[[ Dataset open ]]

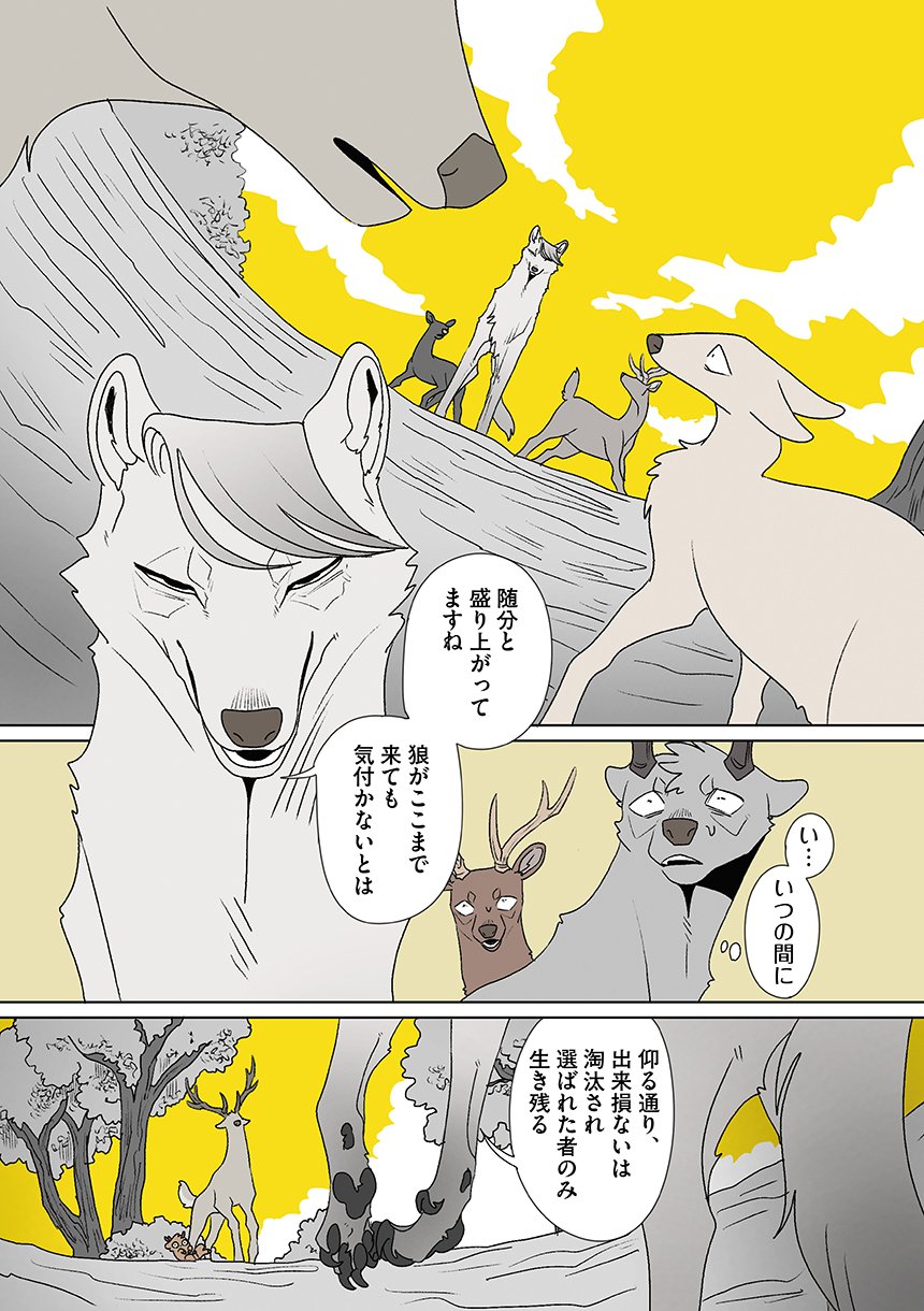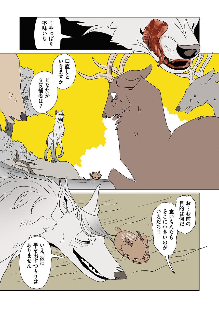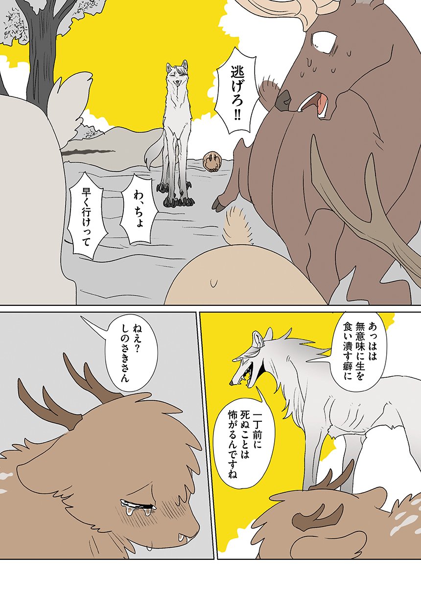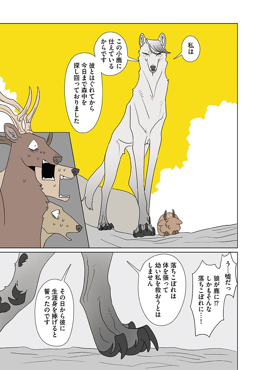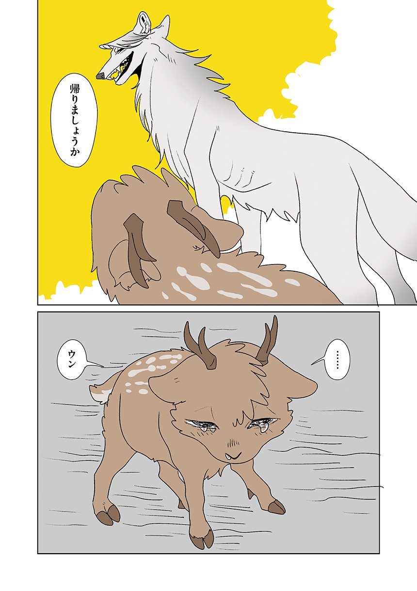 群れを追い出されたシカ・しのさきは、森で命を落としかけた瞬間、通りがかったオオカミ・みなせに救われる。
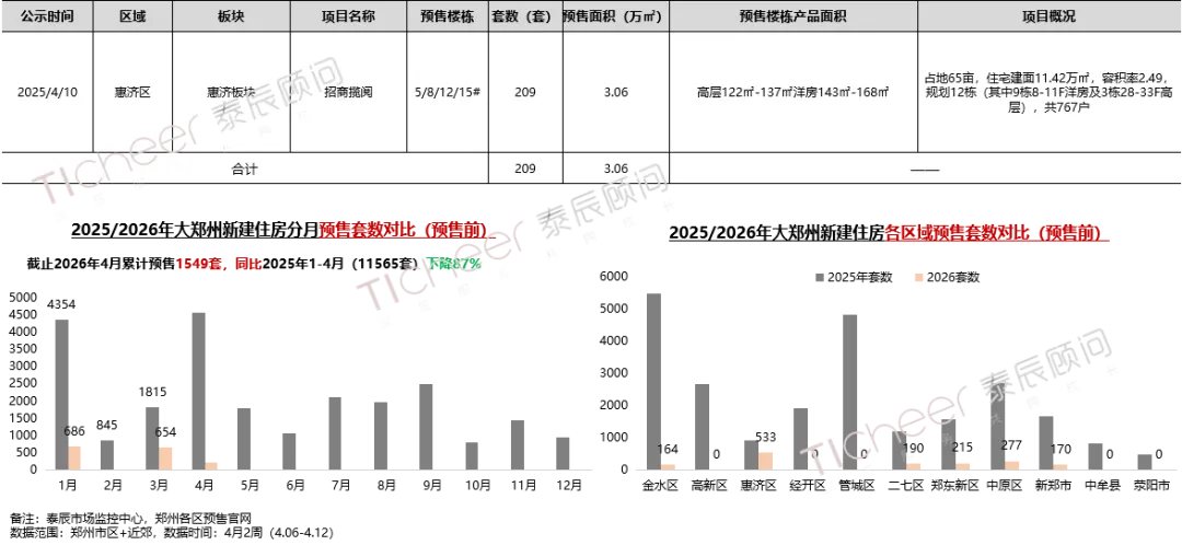 本周1个项目预售前公示,为惠济区招商揽阅,公示4栋楼,209套房源,3.06万㎡;截至目前2026年累计公示预售1549套,同比去年11565套,下降87%
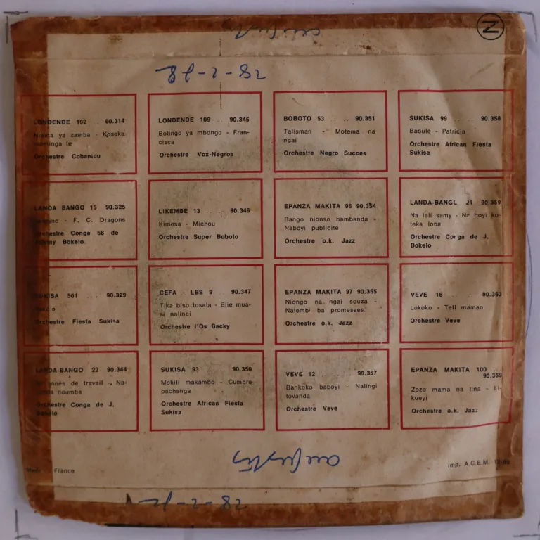 Rumba rarity out of Congo with rocky rumba on last part of both sides. Strong wear on cover, glue residues along seams & mouth, writings on cover & labels, narrow bite on bottom mouth corner, warp, dirt on labels,plays with constant reasonable noise from marks.
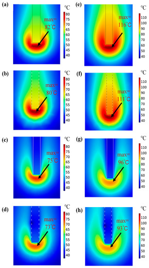 A finite element model was built to simulate the temperature distribution of the liver tissue in the electrical cutting process. Temperature distributions of the liver tissue for electrode 1, electrode 2, electrode 3 and electrode 4 at 1 and 3 s are shown in Figure 8. The finite element analysis results show that the area near the tip of the electrode can reach a higher temperature than the rest, thus causing more serious thermal damage and soft tissue adhesion. It can be seen from Figure 4a–d that the soft tissue adhesion on the electrode is mainly distributed near the curved area after the first electric cutting experiment, which is consistent with the simulation results. The temperature in the area of soft tissue which in contact with the electrode all increases with time, but the temperature in tissue cut by electrode 1 is higher than the others. The temperature in the soft tissue cut by electrode 1 is 82 °C at 1 s, which is the highest of all. The temperature in tissue cut by electrode 2 is 80 °C, and the temperature in tissue cut by electrode 3 is 75 °C. The temperature cut by electrode 4 is 73 °C, which is the lowest of all at 1 s. Compared with the others, the temperature of tissue cut by electrode 1 increases most rapidly, and the highest temperature reaches 116 °C at 3 s, as can be seen in Figure 8e. However, the lowest temperature in Figure 8h) is only 93 °C. Also, it can be seen that the temperature distribution is most concentrated in soft tissue cut by electrode 1. Compared with the temperature distribution in tissue cut by electrode 1, the center of the temperature field has a slightly dispersed trend in tissue cut by electrode 2. For tissue cut by electrode 3 and electrode 4, the temperature distributions are obviously dispersed, and the temperature in tissue cut by electrode 4 is lower than that of electrode 3.
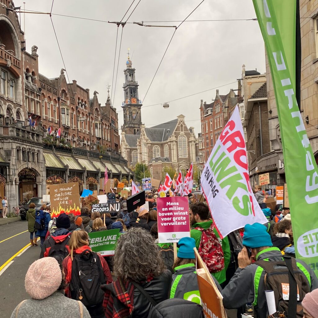 Wij, van Aardewijs, zijn niet van het op straat protesteren maar waren er toch bij in ’81 en ‘83. Als alle leven in grote mate wordt bedreigd, wordt toekijken onverdraaglijk. Zo is dat ook met het huidige geweld dat de mensheid de Aarde aandoet. Opnieuw voelden we ons op 6 november j.l. geroepen in Amsterdam te gaan betogen. Meer dan 40.000 gelijk gezinden zorgden voor een vreedzame en bezorgde schreeuw om “actie, actie, actie” in plaats van “bla, bla, bla”. In de eerste plaats in Nederland waar de politiek/overheid het tot nu toe ernstig af laat weten. Voortdurend wordt niet uitgevoerd wat volgens vastgestelde plannen zou moeten en handelt men in strijd met wetgeving. Maar ook was deze Klimaatmars een oproep aan alle wereldleiders bijeen in Glasgow om te besluiten tot effectieve en snelle ingrepen.
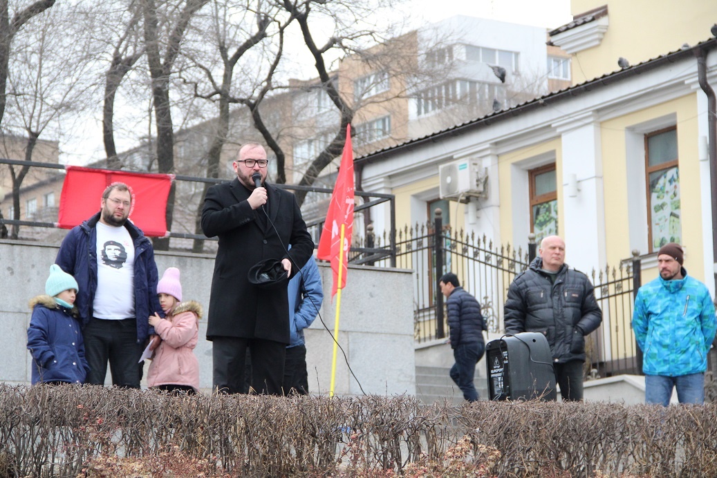 В поддержку собравшихся выступил первый секретарь краевого Комитета КПРФ, руководитель фракции КПРФ в Законодательном Собрании Приморского края Анатолий Долгачев: «Проблемы угольной пыли, уничтожения скверов и точечной застройки перед жителями края появились не вчера, и эта акция протеста уже не первая. И меня бросает в ярость, когда я вижу абсолютное безразличие власти и чиновников к проблемам людей! Зеленые скверы – вырубить, детскую площадку – снести, построить дом, а лучше два, уничтожить экологию района – это они могут, а снести разваливающиеся бараки на Херсонской и людей расселить – этого они не могут! Люди! Пока нас здесь стоит сто, двести, они будут отмахиваться от нас как от назойливых мух – им неприятно, но не критично. Но когда нас выйдет тысяча, пять тысяч, вот тогда с нашим мнением им придется считаться! Призываю вас звать всех, кого сможете, на следующий митинг 23 марта! Выскажем власти свое мнение, покажем им, что мы не безмолвны, и что с нашим мнением нужно считаться!».
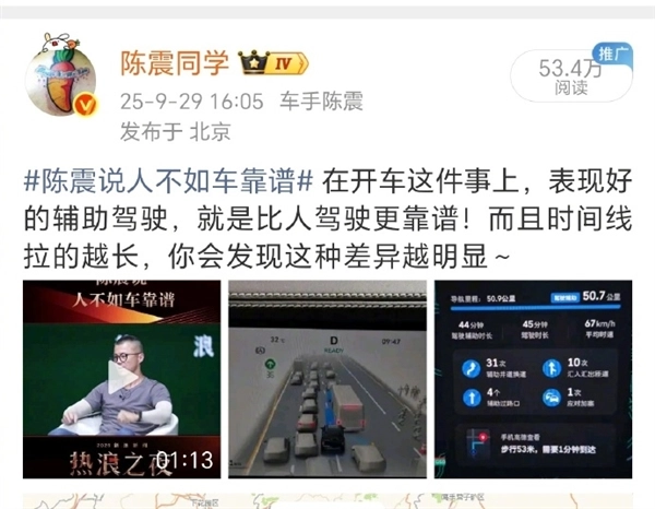 事实上,早在9月底,陈震就提出过“在开车这件事上,表现出色的辅助驾驶,要比人类驾驶更为可靠”的看法,并且他觉得时间跨度越大,这种差距就会越显著。
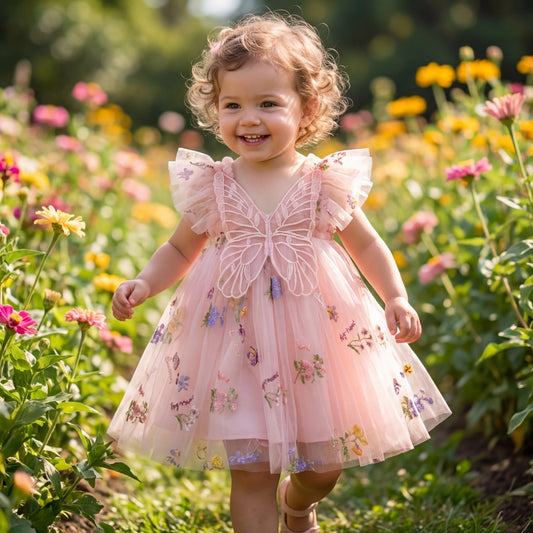 The butterfly detail on the back adds a charming touch, while the embroidered floral pattern gives the dress a soft and elegant look. The layered skirt provides room for movement, allowing little ones to walk, play, and explore comfortably. This dress is a thoughtful choice for special occasions where comfort and style are equally important.
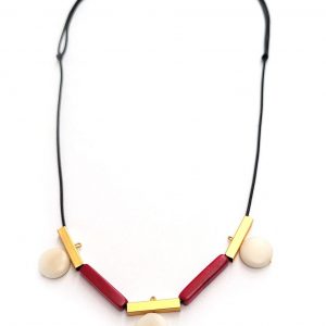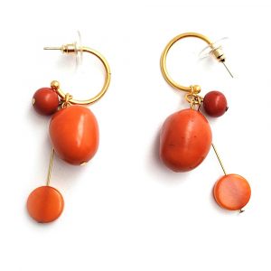 Orecchini pendenti con una perla di acai, un disco di tagua e un elemento dorato su una sottile catenina in metallo placcato oro. Chiusura a perno in acciaio inossidabile anallergico. Dimensione: 7 cm
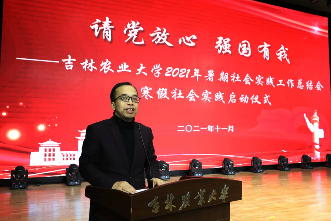 在中国共产党成立百年之际,为引导和帮助广大青年学生上好与现实相结合的“大思政课”,在社会课堂中受教育、长才干、作贡献,在观察实践中学党史、强信念、跟党走,11月25日,学校在鲲鹏学生文化活动中心举行“请党放心,强国有我”2021年大学生暑期社会实践工作总结会暨寒假社会实践启动仪式。吉林省农业宣传中心主任、吉林乡村振兴战略研究院执行副院长孙策,学校党委副书记毛彦军、副校长杜锐出席活动。
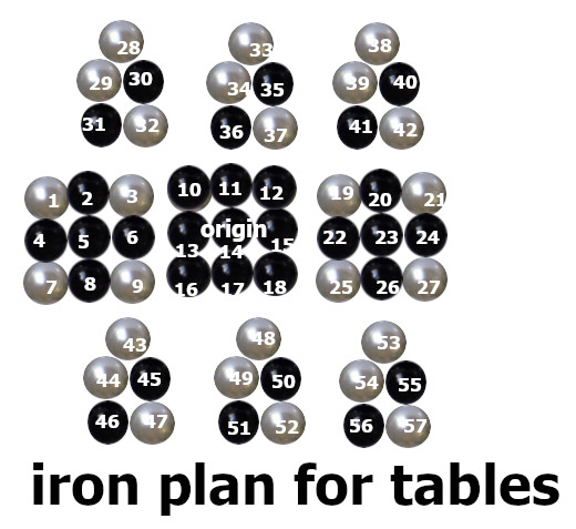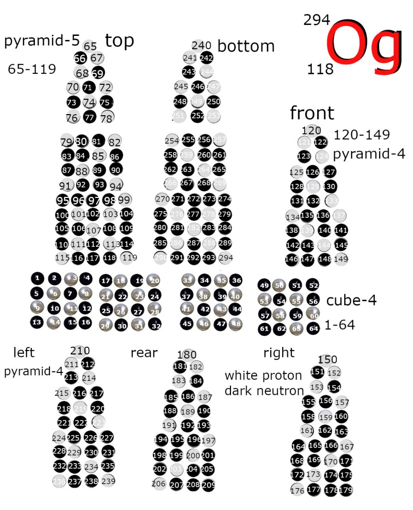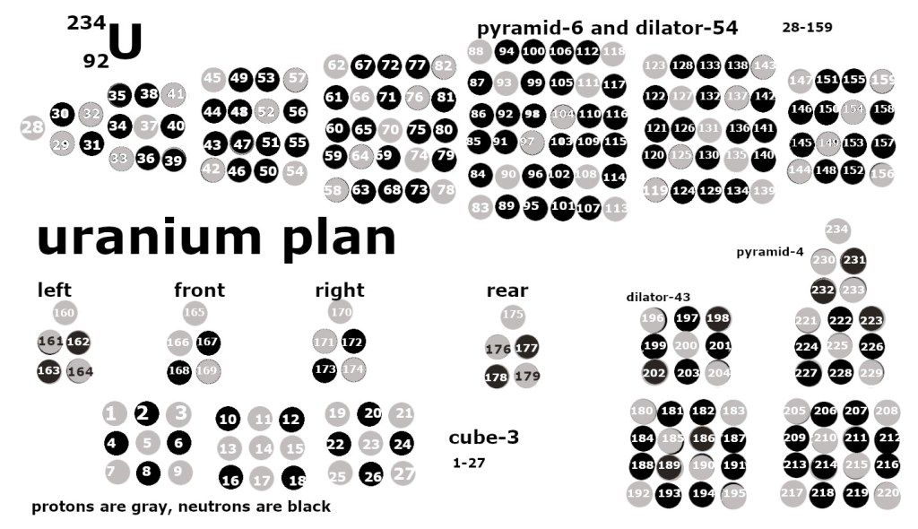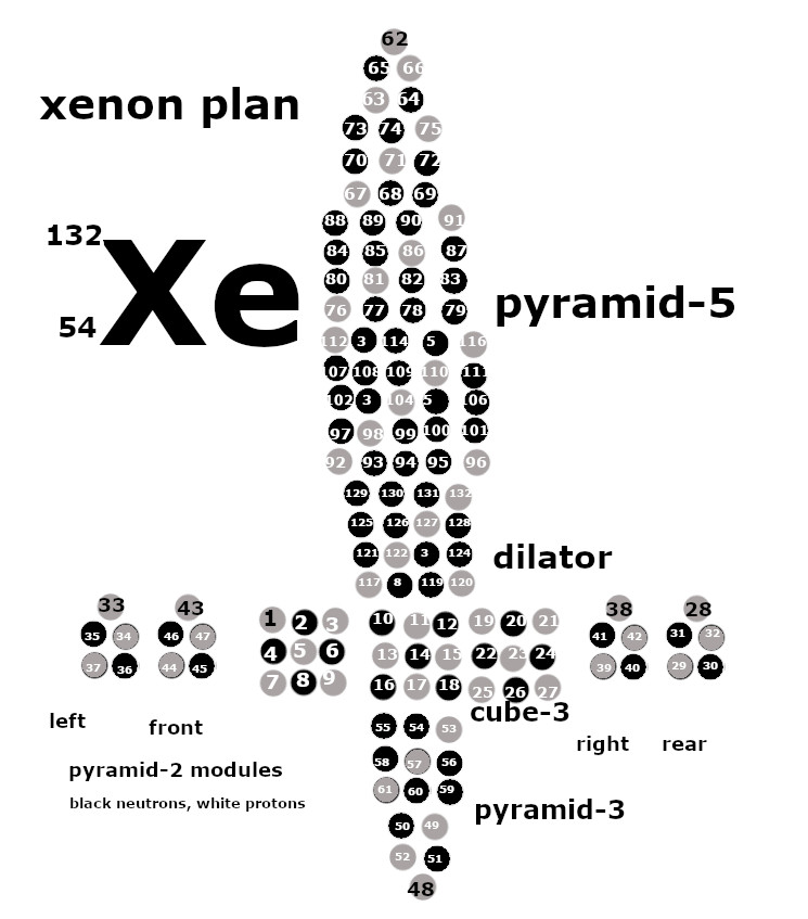 In the hardcover edition of the book, the figure for xenon was too small. This page has big versions of the Figures that were too small. Protons are white and neutrons are dark in these plans for nuclear structure. The full screen version comes up when you right click the image to get the menu.

[[ Dataset closed ]]

◆ Activity:
Could you reproduce exactly the lines from the first line of the listing through the line containing "本周1个项目预售前公示,为惠", both included, with pictures left out?

◆ Output:
 群れを追い出されたシカ・しのさきは、森で命を落としかけた瞬間、通りがかったオオカミ・みなせに救われる。
 本周1个项目预售前公示,为惠济区招商揽阅,公示4栋楼,209套房源,3.06万㎡;截至目前2026年累计公示预售1549套,同比去年11565套,下降87%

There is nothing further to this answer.